Today, in the digital era, modern electronic devices utilize a variety of integrated circuits (ICs) to deliver the powerful and myriad of functions and applications available from such devices. It is not uncommon for such devices to have numerous ICs configured therein to cooperate and communicate in an orderly way to exchange information (e.g., receive and/or transmit different types of data and/or information) among themselves and between other external devices and/or the user of the device.
Central to such communications between and among these ICs is the ability of one IC to send data or other information to another IC (or ICs) in response to, for example, a query signal from another IC. These point-to-point interfaces typically occur across a bus structure that serves as a common communication channel for a plurality of ICs configured within the device. This bus structure can be facilitated by either custom communications interfaces or standardized interfaces that provide a standardized communication link.

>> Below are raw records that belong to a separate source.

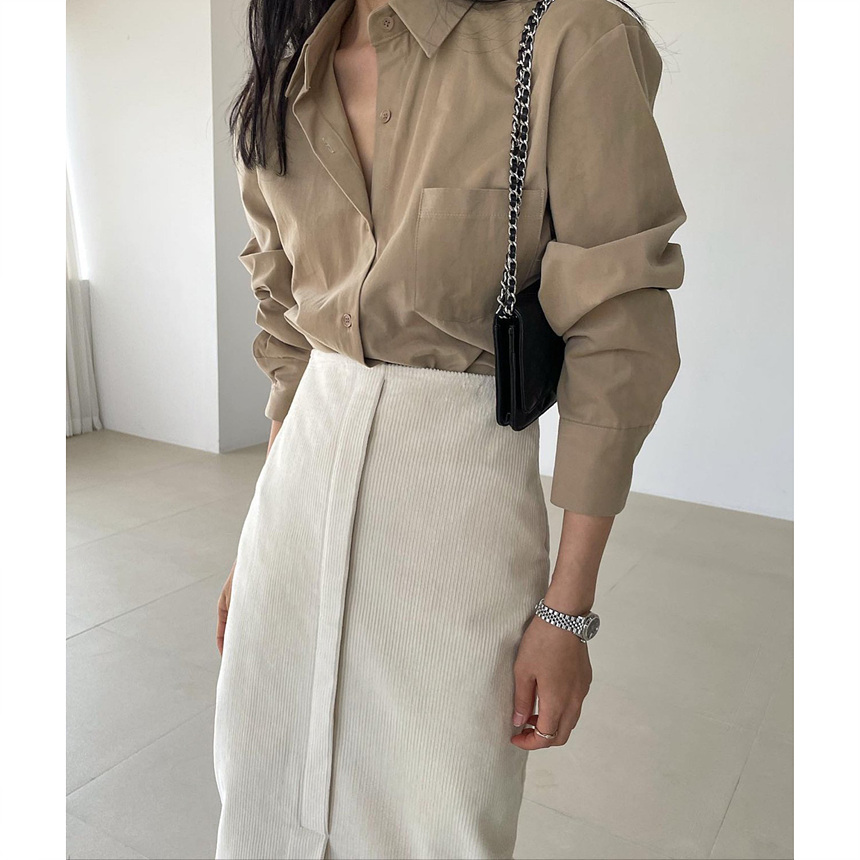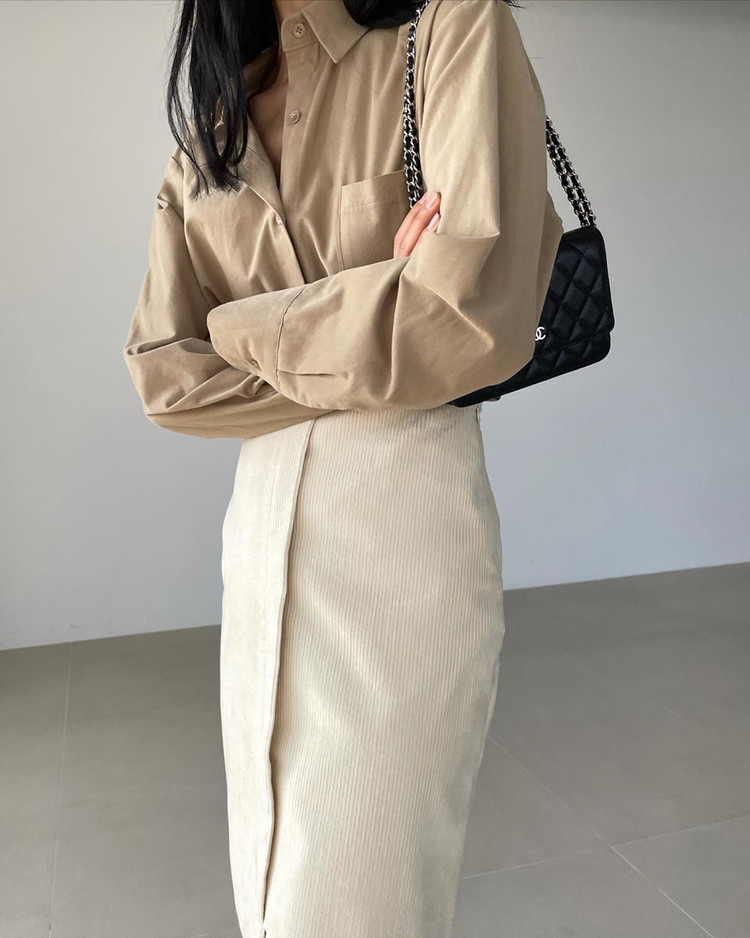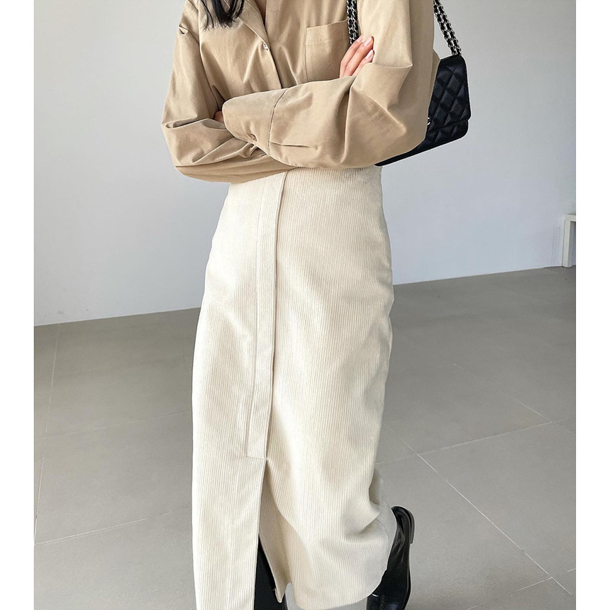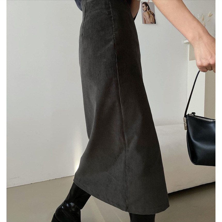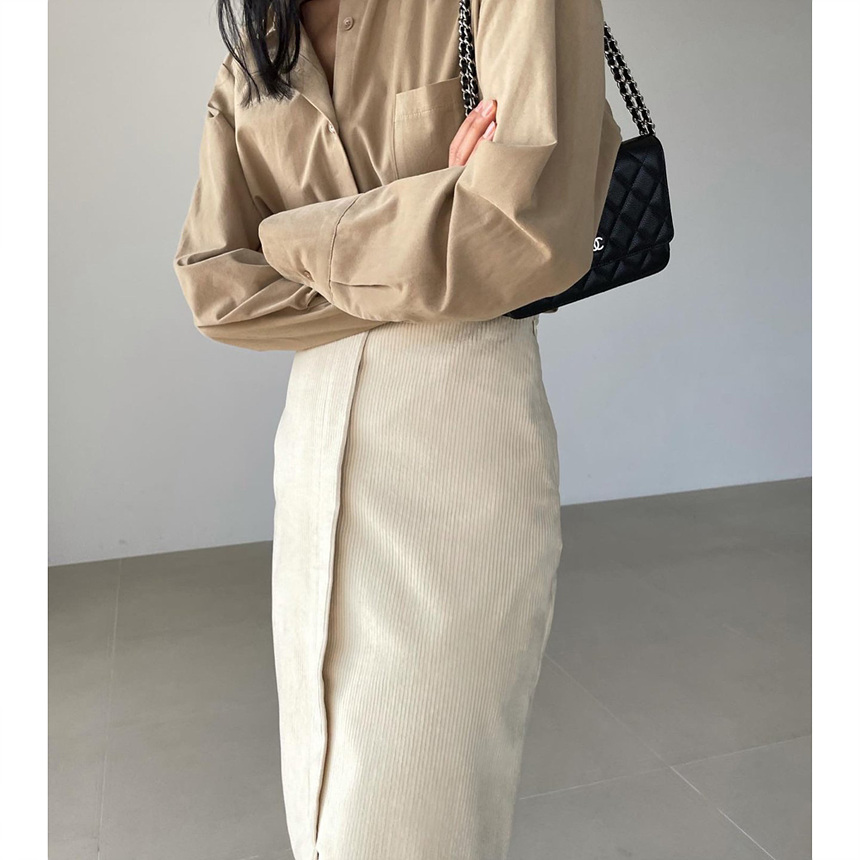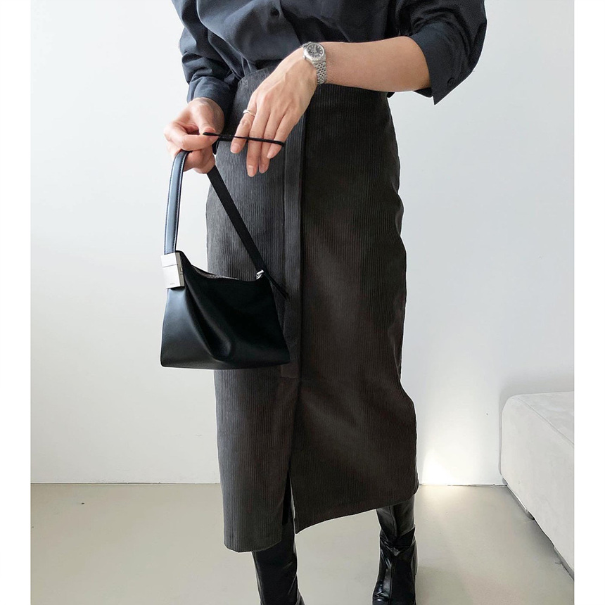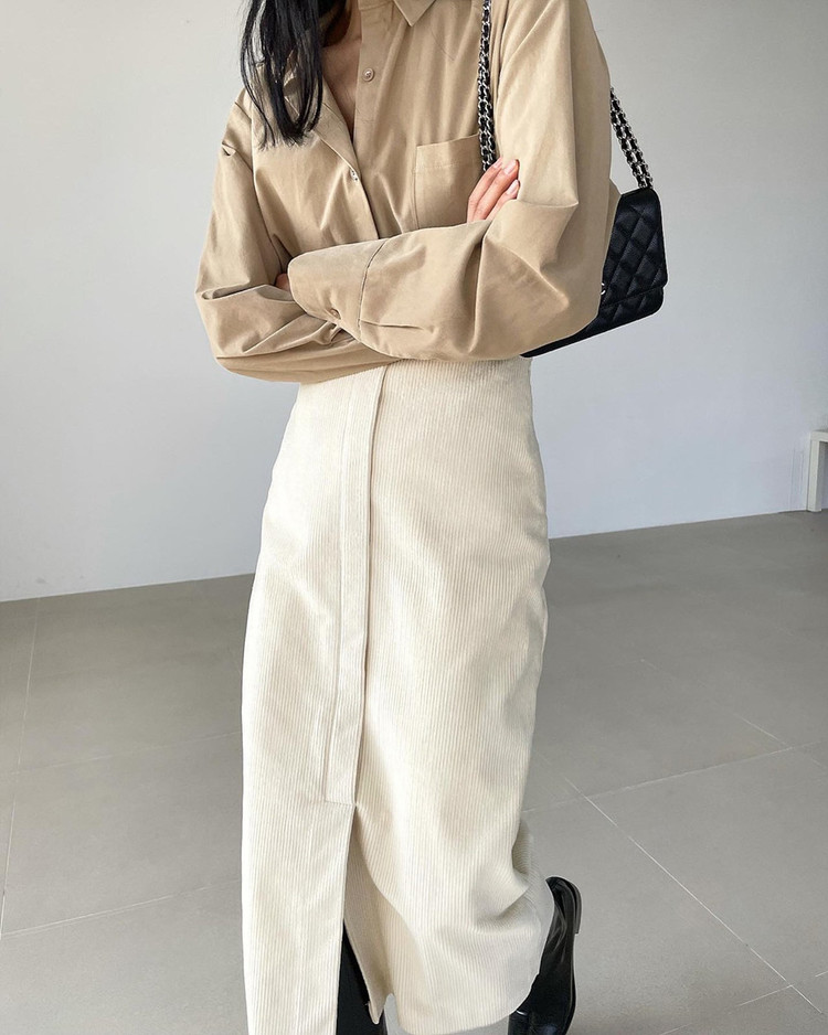 바로발송 골덴 에이치 라인 미디 스커트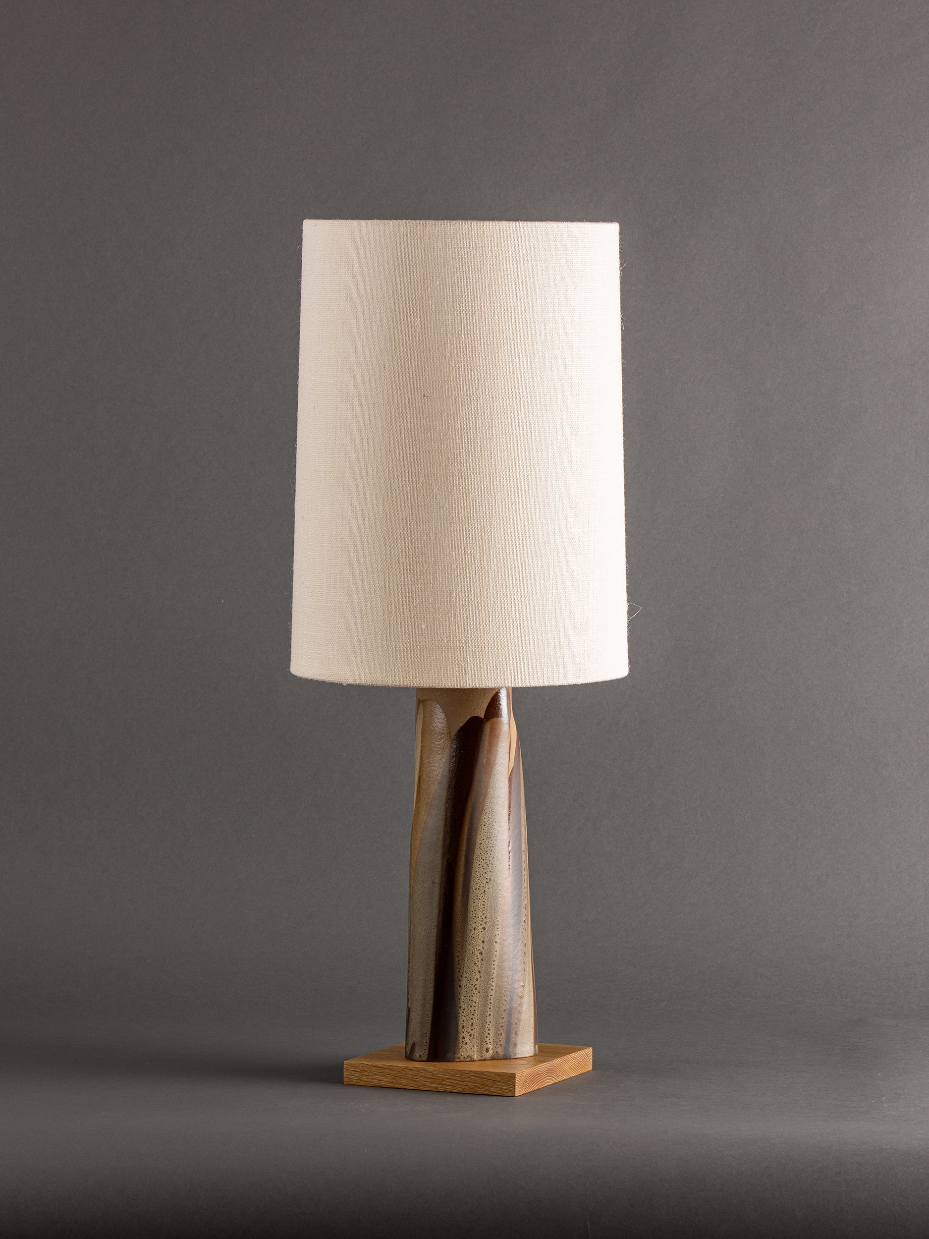 Our stoneware and oak Drift Table Lamp is handcrafted using slab-construction and cerusing techniques.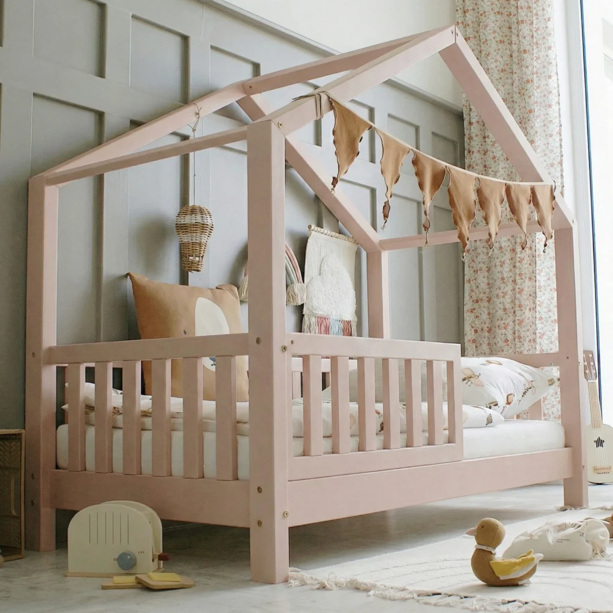 Κρεβάτι Παιδικό Montessori House Bed με κάγκελα 30cm 120×200cm Retro Pink Luletto (Δώρο 10% έκπτωση στο Στρώμα)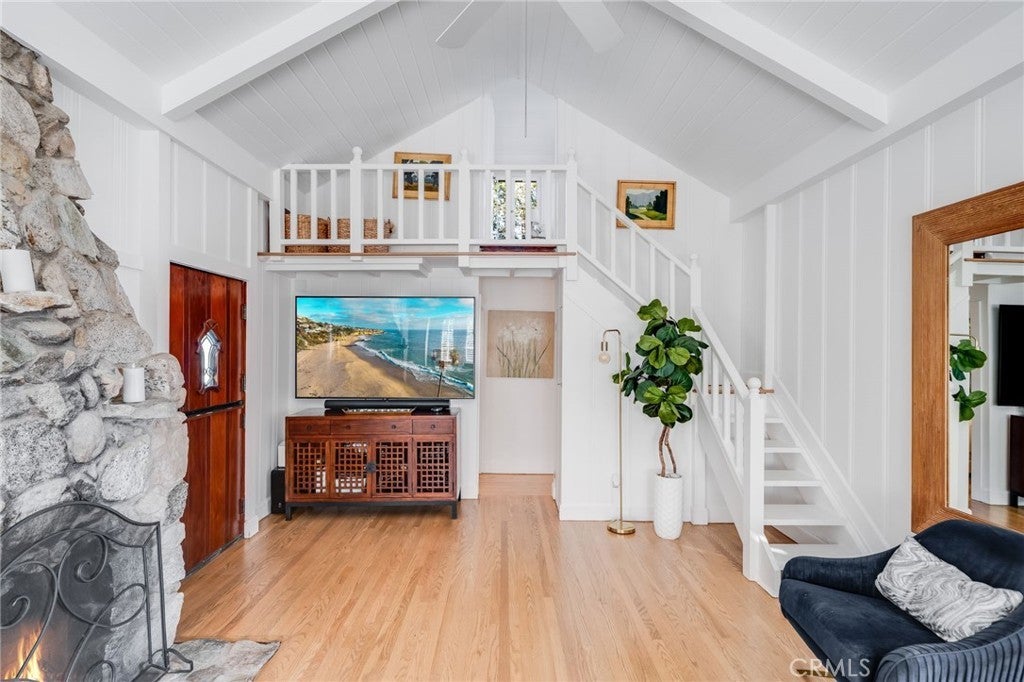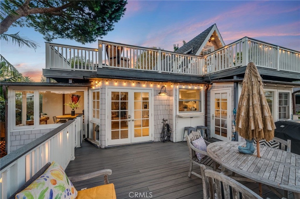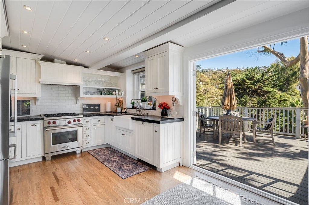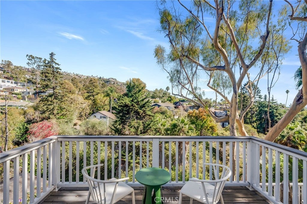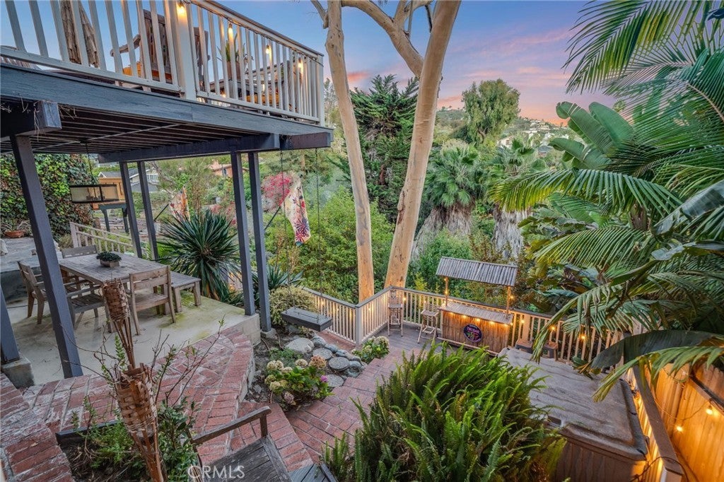 Bathed in natural light and rich with character, this perfectly-located storybook home blends classic craftsmanship with coastal charm. Hardwood floors, vaulted ceilings, and thoughtful design details create an inviting sense of place. This is a home that invites you to settle in and enjoy your day. Set on a generous lot, the property offers no less than four private decks, including a lower-level retreat with a spa - perfect for unwinding or entertaining. Every corner of the home feels designed to celebrate the Laguna lifestyle, from morning coffee in the sunshine to evening gatherings under the stars. A modern kitchen with high end appliances and beautifully updated baths complements the welcoming charm of the home. The location provides immense privacy, overlooking the beautiful lower ‘saddle’ of Bluebird Canyon providing little moments of joy wherever you look. Located just a few quiet blocks from Bluebird Park and some of Laguna’s most beloved local beaches, 559 Calliope is ready to welcome its next thoughtful steward.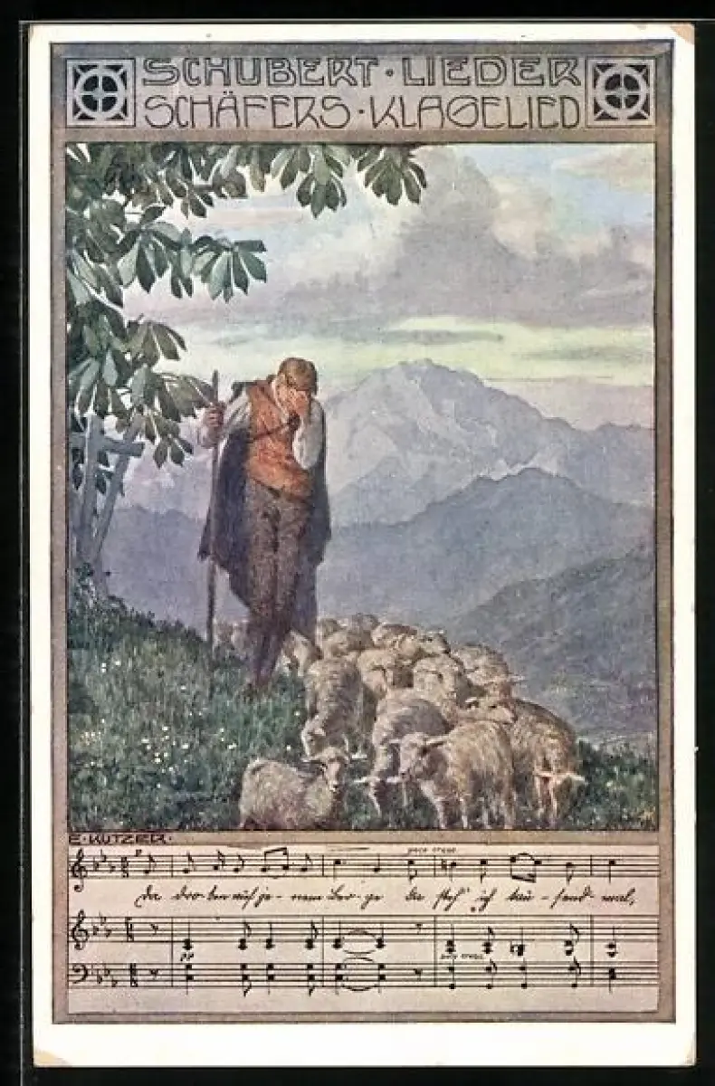 Künstler-AK Ernst Kutzer: Schubert-Lieder Schäfers Klagelied, weinender Schäfer bei seiner Herde

One such standardized bus system is the so-called Inter-Integrated Circuit bus or the I2C bus. The I2C is a multi-master, multi-slave, single-ended, serial computer bus protocol and system. The I2C bus operates on a protocol that allows a plurality of ICs to be connected to and in communication with one another over a common bus structure. More particularly, I2C is a serial bus protocol that allows various ICs or other components within a device to communicate with one another where each IC or component is assigned a unique address. As such, the I2C system grows as more types of ICs are uniquely registered. The I2C system then employs such unique addresses to send and/or receive data to and/or from a particular IC.
Another well-known bus communications standard is the so-called Serial Peripheral Interface (SPI) bus. The SPI bus is a synchronous serial communication interface specification used for short distance communication, primarily in embedded systems, by microcontrollers for communicating with one or more peripheral devices. In accordance with SPI, there is always one master device (typically a microcontroller) which controls the peripheral devices and there are typically three common lines and one line specific for each device. SPI is sometimes referred to as a so-called four-wire serial bus, contrasting it with three, two or one-wire serial bus architectures. SPI-compliant ICs or other devices communicate in a full duplex mode using a master-slave architecture with a single master. The master device originates the frame for reading and writing whereby multiple slave ICs or other devices are supported through a selection with individual so-called slave select lines.
In distributed on-chip digital interfaces, such as I2C or SPI, the distribution of numerous digital control lines poses certain challenges such as routing, silicon footprint (i.e., potentially wasting expensive silicon area of an IC), and signal interference among devices (e.g., analog signal interference in analog signaling applications). As such, the design of densely packed, digitally-assisted application specific integrated circuits (ASICs) are known to exacerbate the aforementioned challenges.
Therefore, a need exists for an improved technique that addresses these types of IC design challenges with respect to such distributed on-chip digital interfaces.